Mesterházy, the chairman of the MSZP responded that the Socialists would emerge stronger after Gyurcsány forms his own party and parliamentary group, because the opposition force’s lawmakers would no longer be engrossed in an internal struggle. Radical nationalist party Jobbik lawmaker Előd Novák told MTI that Gyurcsány’s new party was “anti-Hungarian”. He also said that Jobbik would now be in a position to provide the stable alternative to Fidesz. Parliamentary group leader of green party LMP, András Schiffer, told MTI his party had a policy of keeping its distance from the internal affairs of other parties. He added that LMP’s main enemy was the “Fidesz two-thirds [majority]“.[26]
Ferenc Gyurcsány lives in his third marriage. He has two sons (Péter and Bálint) from his second marriage with Edina Bognár, and two children (Anna and Tamás) from his third marriage. His spouse is Klára Dobrev, whose maternal grandfather Antal Apró was Hungary's Minister of Industry in the 1950s–60s.

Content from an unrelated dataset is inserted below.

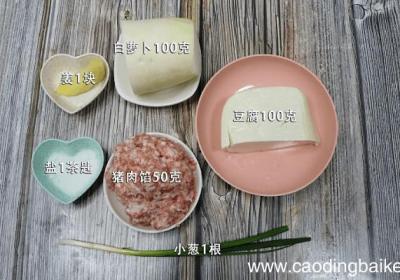 步骤1准备食材:白萝卜100克、猪肉馅50克、豆腐100克、姜1块、小葱1根、盐1茶匙 。步骤2白萝卜去皮切丝 。步骤3姜切末 。步骤4小葱切葱花 。步骤5首先将猪肉和豆腐放入容器中,加入姜末、盐 。步骤6然后把豆腐和猪肉抓至混合,再捏成丸...

He got his nickname "Fletó"[i 1] from one of his teachers. While prime minister of Hungary, he did not pick up his paycheck, but instead, he donated it to varying organizations.
The origin of his wealth is regularly questioned by the media and political opposition. The weekly paper HVG writes about a biography of Gyurcsány: "[it] concludes that talent played a greater role than corruption in Gyurcsány's success. We have to question this claim. Not just because former functionaries are massively overrepresented among Gyurcsány's business partners, but also because, despite his enormous talent for business, Gyurcsány would never have got where he is today without making use of the contacts and support base of the former state party."[27] József Debreczeni, the biographer in question, originally reached the conclusion "regarding party connections and performance, the latter has been more important".[28]
Opposition MP Péter Szijjártó, as the head of a committee set up to investigate the origins of Gyurcsány's wealth, stated in his report that one of Gyurcsány's companies leased the former vacation site of the Hungarian government in Balatonőszöd and rented the site back to a state-owned company so that the rent paid by the government covered exactly the leasing fee during the first two and a half years of the ten-year lease term (1994–2004).[29]
A person named "Gyurcsányi" was mentioned by Attila Kulcsár, the main defendant in the high-profile "K&H Equities" money laundering scandal in Hungary.[30] The prime minister denied he had any connections with the case.
He often displays himself in the role of an anti-fascist politician, who is strongly against the Hungarian radicalism and anti-semitism. However, he is the subject of criticism by his political opponents for the luxury villa of Rózsadomb in which he lives and is now the property of his recent wife, having been taken away from a Jewish family twice; first it was misappropriated when Hungary was under the rule of Arrow Cross Party, and then again during the time of the communist dictatorship of Mátyás Rákosi.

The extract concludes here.